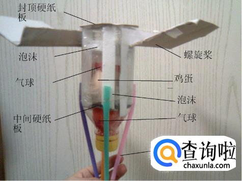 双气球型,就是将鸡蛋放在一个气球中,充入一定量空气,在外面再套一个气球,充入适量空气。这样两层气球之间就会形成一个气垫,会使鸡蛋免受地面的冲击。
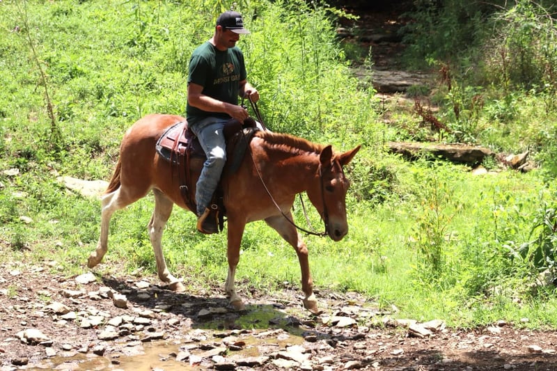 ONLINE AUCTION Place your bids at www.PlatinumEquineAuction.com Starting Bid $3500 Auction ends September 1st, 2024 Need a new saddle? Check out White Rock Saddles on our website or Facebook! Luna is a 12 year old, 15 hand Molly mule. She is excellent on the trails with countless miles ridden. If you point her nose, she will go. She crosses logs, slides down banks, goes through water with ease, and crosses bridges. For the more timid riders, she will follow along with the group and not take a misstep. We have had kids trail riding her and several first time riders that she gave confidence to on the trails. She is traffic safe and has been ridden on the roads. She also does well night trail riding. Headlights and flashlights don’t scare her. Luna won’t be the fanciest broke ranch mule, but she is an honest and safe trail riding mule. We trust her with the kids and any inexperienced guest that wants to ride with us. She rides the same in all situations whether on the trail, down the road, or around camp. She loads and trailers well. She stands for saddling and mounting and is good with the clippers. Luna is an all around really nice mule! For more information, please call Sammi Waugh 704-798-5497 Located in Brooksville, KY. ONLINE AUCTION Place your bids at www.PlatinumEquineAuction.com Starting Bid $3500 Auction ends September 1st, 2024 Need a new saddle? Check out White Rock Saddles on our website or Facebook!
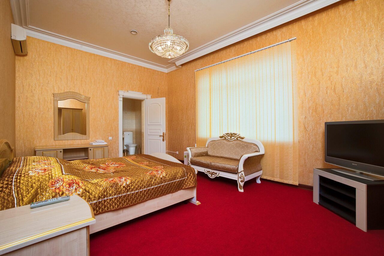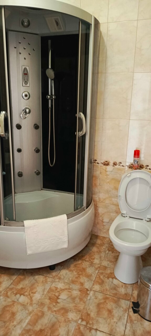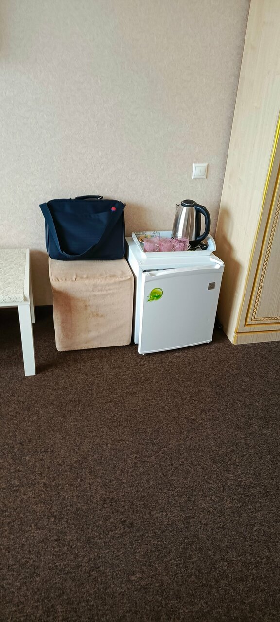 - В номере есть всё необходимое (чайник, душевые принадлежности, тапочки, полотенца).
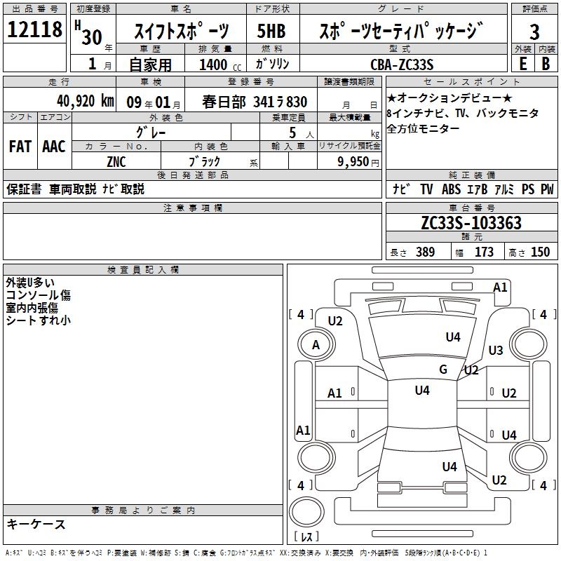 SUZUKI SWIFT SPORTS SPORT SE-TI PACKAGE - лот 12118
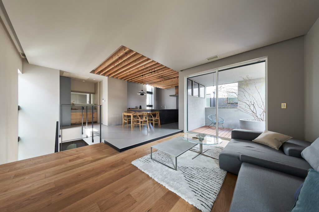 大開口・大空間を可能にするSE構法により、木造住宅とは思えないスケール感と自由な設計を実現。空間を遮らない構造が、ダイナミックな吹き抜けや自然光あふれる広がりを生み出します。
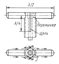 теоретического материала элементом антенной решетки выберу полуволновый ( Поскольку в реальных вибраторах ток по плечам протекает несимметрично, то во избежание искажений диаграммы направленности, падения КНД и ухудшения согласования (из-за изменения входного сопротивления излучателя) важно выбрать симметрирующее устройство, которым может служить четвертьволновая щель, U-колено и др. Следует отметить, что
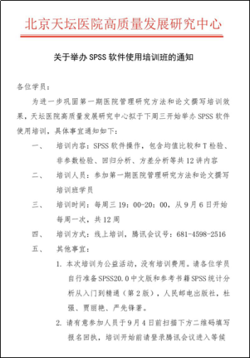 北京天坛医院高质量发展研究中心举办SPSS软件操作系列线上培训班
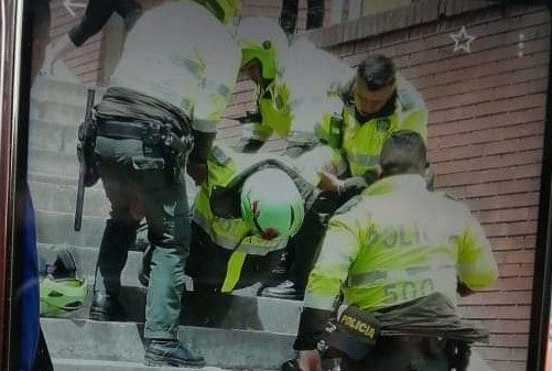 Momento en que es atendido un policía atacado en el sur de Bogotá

-.-.-

- [Exercise details]:
The material above should be printed again exactly, with each picture left out.

- [Solved exercise]:
 双气球型,就是将鸡蛋放在一个气球中,充入一定量空气,在外面再套一个气球,充入适量空气。这样两层气球之间就会形成一个气垫,会使鸡蛋免受地面的冲击。
 ONLINE AUCTION Place your bids at www.PlatinumEquineAuction.com Starting Bid $3500 Auction ends September 1st, 2024 Need a new saddle? Check out White Rock Saddles on our website or Facebook! Luna is a 12 year old, 15 hand Molly mule. She is excellent on the trails with countless miles ridden. If you point her nose, she will go. She crosses logs, slides down banks, goes through water with ease, and crosses bridges. For the more timid riders, she will follow along with the group and not take a misstep. We have had kids trail riding her and several first time riders that she gave confidence to on the trails. She is traffic safe and has been ridden on the roads. She also does well night trail riding. Headlights and flashlights don’t scare her. Luna won’t be the fanciest broke ranch mule, but she is an honest and safe trail riding mule. We trust her with the kids and any inexperienced guest that wants to ride with us. She rides the same in all situations whether on the trail, down the road, or around camp. She loads and trailers well. She stands for saddling and mounting and is good with the clippers. Luna is an all around really nice mule! For more information, please call Sammi Waugh 704-798-5497 Located in Brooksville, KY. ONLINE AUCTION Place your bids at www.PlatinumEquineAuction.com Starting Bid $3500 Auction ends September 1st, 2024 Need a new saddle? Check out White Rock Saddles on our website or Facebook!
 - В номере есть всё необходимое (чайник, душевые принадлежности, тапочки, полотенца).
 SUZUKI SWIFT SPORTS SPORT SE-TI PACKAGE - лот 12118
 大開口・大空間を可能にするSE構法により、木造住宅とは思えないスケール感と自由な設計を実現。空間を遮らない構造が、ダイナミックな吹き抜けや自然光あふれる広がりを生み出します。
 теоретического материала элементом антенной решетки выберу полуволновый ( Поскольку в реальных вибраторах ток по плечам протекает несимметрично, то во избежание искажений диаграммы направленности, падения КНД и ухудшения согласования (из-за изменения входного сопротивления излучателя) важно выбрать симметрирующее устройство, которым может служить четвертьволновая щель, U-колено и др. Следует отметить, что
 北京天坛医院高质量发展研究中心举办SPSS软件操作系列线上培训班
 Momento en que es atendido un policía atacado en el sur de Bogotá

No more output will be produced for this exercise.